Telouet
"Une ruine qui conserve encore ses plus belles salles intactes est une chose étrange et merveilleuse où pénétrer."
Telouet est le genre d’endroit que l’on atteint en décidant de ne pas prendre la route facile. La nationale moderne qui franchit le col du Tizi n’Tichka le contourne entièrement, et la plupart des gens qui vont de Marrakech à Ouarzazate filent devant l’embranchement sans savoir ce qu’ils manquent.
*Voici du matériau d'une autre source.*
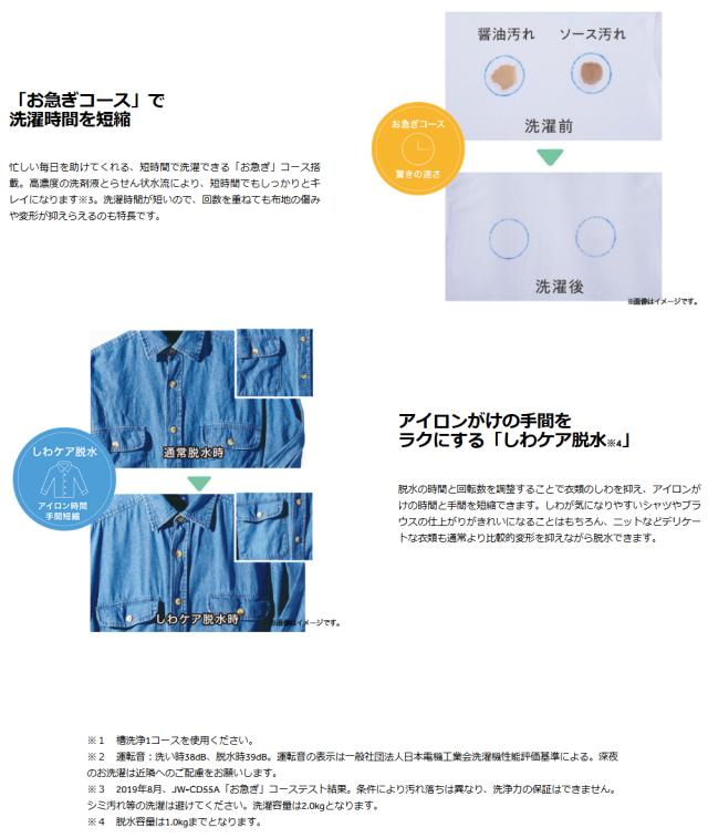 ※3 2019年8月、JW-CD55A「お急ぎ」コーステスト結果。条件により汚れ落ちは異なり、洗浄力の保証はできません。シミ汚れ等の洗濯は避けてください。洗濯容量は2.0kgとなります。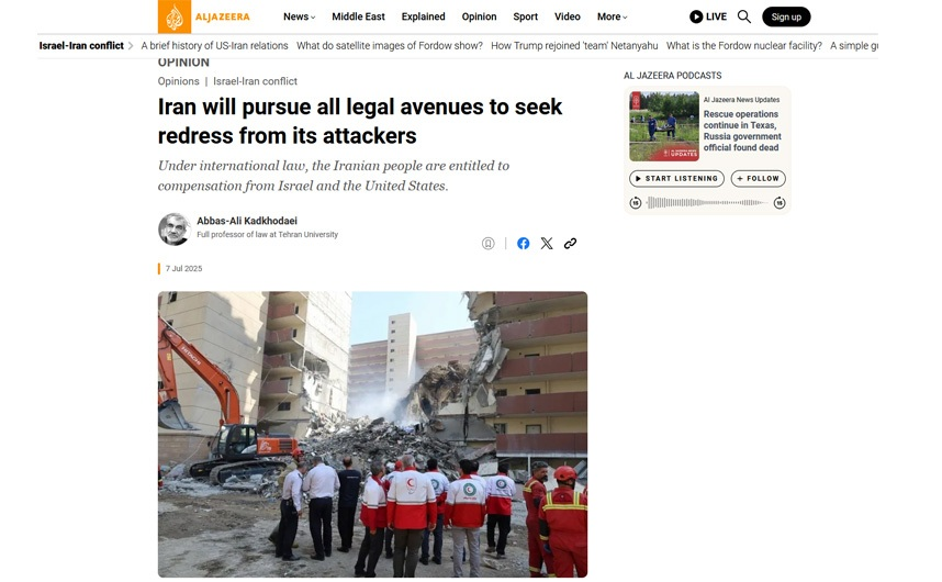 به گزارش نبض وطن، عباسعلی کدخدایی عضو حقوقدان و رئیس پژوهشکده شورای نگهبان با انتشار یادداشتی در وب سایت انگلیسی شبکه خبری الجزیره، به تبیین مبانی حقوقی تعهد غیر قابل انکار آمریکا و رژیم صهیونیستی برای جبران خسارات ناشی از رفتار متجاوزانه غیرقانونی اخیرشان علیه ایران پرداخت و تاکید کرد: ایران از همه ظرفیتهای حقوقی برای پیگیری و مطالبه خسارات ناشی از تجاوزات اخیر استفاده خواهد کرد.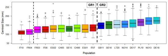 Boxplots showing the variation in centroid size values (mm) for the 419 trees belonging to the 18 populations analyzed. Boxes represent the interquartile range (IQR, 25th to 75th percentiles), the bold black line inside each box is the median, and the whiskers cover ± 1.5 × IQR. Circles indicate outliers. Populations are sorted by increasing the mean value of the centroid size. The dotted line separates populations belonging to the group 1 (GR1) and group 2 (GR2). The same color code of Figure 4 is used.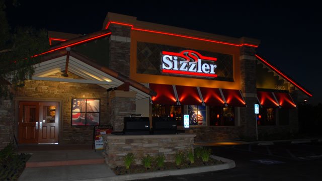 We frissen ons snel op en gaan eten bij Sizzler, net zoals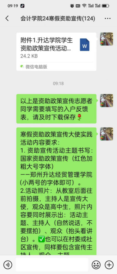 会后,我院随即组建了寒假资助政策宣传实践活动工作群,便于活动当中及时沟通细节和辅导答疑。相信在会计学院领导、老师和同学们的共同努力之下,本次寒假资助政策宣传活动一定会取得圆满成功。

Nous avons pris l’ancienne route — un tracé étroit et sinueux à travers des collines ocre nues — et nous sommes arrivés dans un village dominé par une énorme kasbah de terre en ruine qui, de loin, semble se dissoudre lentement dans la montagne.
Le palais des Glaoui
La kasbah fut le siège de la famille Glaoui, les pachas qui contrôlaient les cols du Haut Atlas et, pendant un temps au début du XXe siècle, une grande partie du sud du Maroc. Telouet se trouvait sur la route des caravanes de sel, et la famille devint immensément puissante et immensément riche en taxant tout ce qui passait. Puis la route s’est déplacée, les caravanes ont cessé, la famille est tombée en disgrâce après l’indépendance, et le palais a été abandonné aux intempéries. La plus grande partie n’est aujourd’hui qu’une véritable ruine : murs effondrés, salles ouvertes pleines de gravats, le pisé retournant à la terre dont il est issu.
Et puis on entre. Un gardien local a ouvert une porte ordinaire et nous a conduits par deux ou trois couloirs sombres et poussiéreux, et nous avons débouché dans une salle de réception qui m’a glacé sur place. Les salles de réception que les Glaoui réservaient à leurs hôtes les plus importants ont survécu presque entièrement intactes : murs de zellige finement ouvragé, plafonds de cèdre sculpté et peint, stuc travaillé en une impossible dentelle géométrique, le tout exécuté par des artisans venus de Fès dans les années 1940. Le contraste entre l’extérieur qui s’effondre et ces salles-écrins est véritablement désorientant, comme trouver un intérieur parfait à l’intérieur d’un château de sable.

La route et le silence
Ce qui me reste de Telouet, c’est moins le palais que le silence qui l’entoure. Le village est petit et très pauvre, l’ancienne gloire de la kasbah tranchant nettement avec les maisons simples qui l’entourent, et il n’y a rien du vernis ni de la pression du plus visité Aït Benhaddou, plus loin sur la route. Nous avons été les seuls visiteurs pendant presque tout notre passage. Le gardien ne semblait pas pressé, la lumière tombait basse et dorée sur les collines nues, et depuis la terrasse du toit on voit l’ancienne route des caravanes serpenter vers les vallées de sel qu’elle desservait autrefois.
J’ai un faible pour les lieux dont l’histoire a fini — ceux qui ont eu leur moment d’importance puis ont été tranquillement abandonnés quand le monde s’est réorienté autour d’eux. Telouet est exactement cela : un monument à un pouvoir évaporé, laissé se dissoudre dans l’air de la montagne, avec une poignée de salles parfaites encore cachées à l’intérieur comme preuve de la hauteur qu’il atteignit jadis. Lia l’a qualifié de lieu le plus mélancolique que nous ayons visité dans l’Atlas, et c’était un compliment.

Quand y aller
Le printemps et l’automne sont les meilleures saisons : l’été brûle les collines nues et l’hiver peut fermer les cols élevés sous la neige. Telouet fonctionne bien comme détour depuis l’ancienne route du Tizi n’Tichka entre Marrakech et Ouarzazate, et se combine naturellement avec Aït Benhaddou par la pittoresque route secondaire de la vallée de l’Ounila. Un petit droit d’entrée revient au gardien qui ouvre les salles intérieures ; donnez-lui un pourboire et demandez à voir précisément les salles de réception, car l’extérieur seul ne vous prépare pas à ce qui se trouve dedans.